Assigned task:
Using the data beneath this instruction, retype only the lines from the one that contains "Эта авторская брошь" down to the one that contains "⑤[リレーション起動オプション設定]ダイアログが表示", both included, exactly as they appear.

Supplied data:

┌────────

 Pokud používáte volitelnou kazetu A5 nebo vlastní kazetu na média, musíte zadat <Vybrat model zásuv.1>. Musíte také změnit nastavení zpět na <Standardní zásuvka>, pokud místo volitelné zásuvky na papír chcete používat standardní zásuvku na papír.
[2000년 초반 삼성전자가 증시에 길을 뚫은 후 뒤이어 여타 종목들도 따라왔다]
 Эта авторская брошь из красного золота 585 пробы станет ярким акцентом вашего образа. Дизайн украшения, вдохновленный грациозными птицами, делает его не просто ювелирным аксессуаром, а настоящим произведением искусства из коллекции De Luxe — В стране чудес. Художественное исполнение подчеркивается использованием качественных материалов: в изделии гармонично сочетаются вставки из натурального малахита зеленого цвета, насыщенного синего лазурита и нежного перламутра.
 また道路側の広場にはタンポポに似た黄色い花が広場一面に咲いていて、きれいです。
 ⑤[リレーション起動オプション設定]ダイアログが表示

└────────
┌────────

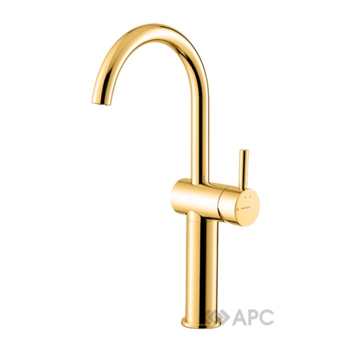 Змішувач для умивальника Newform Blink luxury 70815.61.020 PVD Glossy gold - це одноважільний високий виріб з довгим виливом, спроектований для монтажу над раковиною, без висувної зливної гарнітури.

└────────
┌────────

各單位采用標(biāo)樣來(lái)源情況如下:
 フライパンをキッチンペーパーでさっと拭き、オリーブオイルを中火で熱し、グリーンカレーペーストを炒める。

└────────

Result below:
 Эта авторская брошь из красного золота 585 пробы станет ярким акцентом вашего образа. Дизайн украшения, вдохновленный грациозными птицами, делает его не просто ювелирным аксессуаром, а настоящим произведением искусства из коллекции De Luxe — В стране чудес. Художественное исполнение подчеркивается использованием качественных материалов: в изделии гармонично сочетаются вставки из натурального малахита зеленого цвета, насыщенного синего лазурита и нежного перламутра.
 また道路側の広場にはタンポポに似た黄色い花が広場一面に咲いていて、きれいです。
 ⑤[リレーション起動オプション設定]ダイアログが表示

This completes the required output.